- Born: Sesha Iyengar Srinivasa Raghavaiyangar 18 July 1849 Gangadharapuram, Tanjore district, Tamil Nadu
- Died: 11 December 1903 (aged 54)
- Occupation: Diwan of Baroda

= S. Srinivasa Raghavaiyangar =

Diwan Bahadur Sesha Iyengar Srinivasa Raghavaiyangar (18 July 1849 – 11 December 1903) was an Indian civil servant and administrator who served as the Diwan of Baroda from 15 July 1896 to 2 October 1901. He was the elder brother of Indian journalist, Kasturi Ranga Iyengar.

==Early life==

Srinivasa Raghavaiyengar was born on 18 July 1849 in Gangadharapuram, Tanjore district. His ancestors had served as high-ranking officials in the courts of Vijayanagar and Thanjavur. He had his education in Madras and graduated in arts.

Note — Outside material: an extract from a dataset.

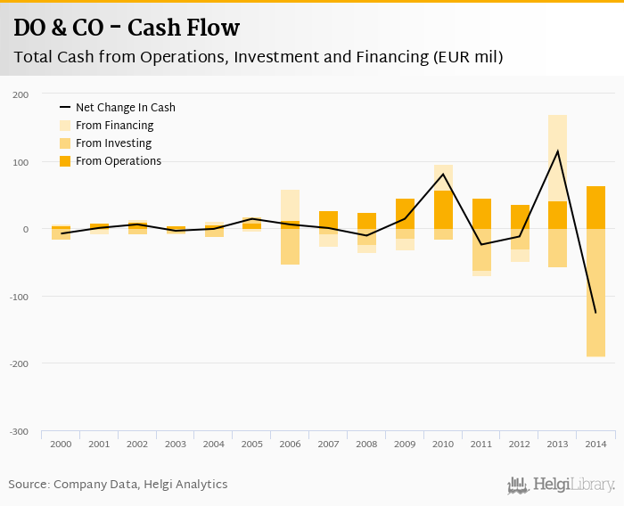 DO & CO's operating cash flow stood at EUR 64.3 mil in 2014, up 56% when compared to the previous year. Historically, between 2000 - 2014, the firm’s operating cash flow reached a high of EUR 64.3 mil in 2014 and a low of EUR 3.67 mil in 2000.

He served as the Inspector General of Registration in the Madras Presidency during the 1880s and 1890s.

==Magnum opus==

In July 1890, Srinivasa Raghavaiyangar was commissioned by the then Governor of Madras, Lord Connemara to examine "whether the economic condition of the Madras Presidency has on the whole improved or deteriorated during the last 40 or 50 years of British Administration and of writing a Memorandum on the subject". This project was planned in order to refute claims of exploitation made by Indian nationalists. Srinivasa Raghavaiyangar made a detailed study of the economic condition of the people and in 1893, published his report Memorandum of Progress of the Madras Presidency during the last forty years of British administration considered by many to be his magnum opus.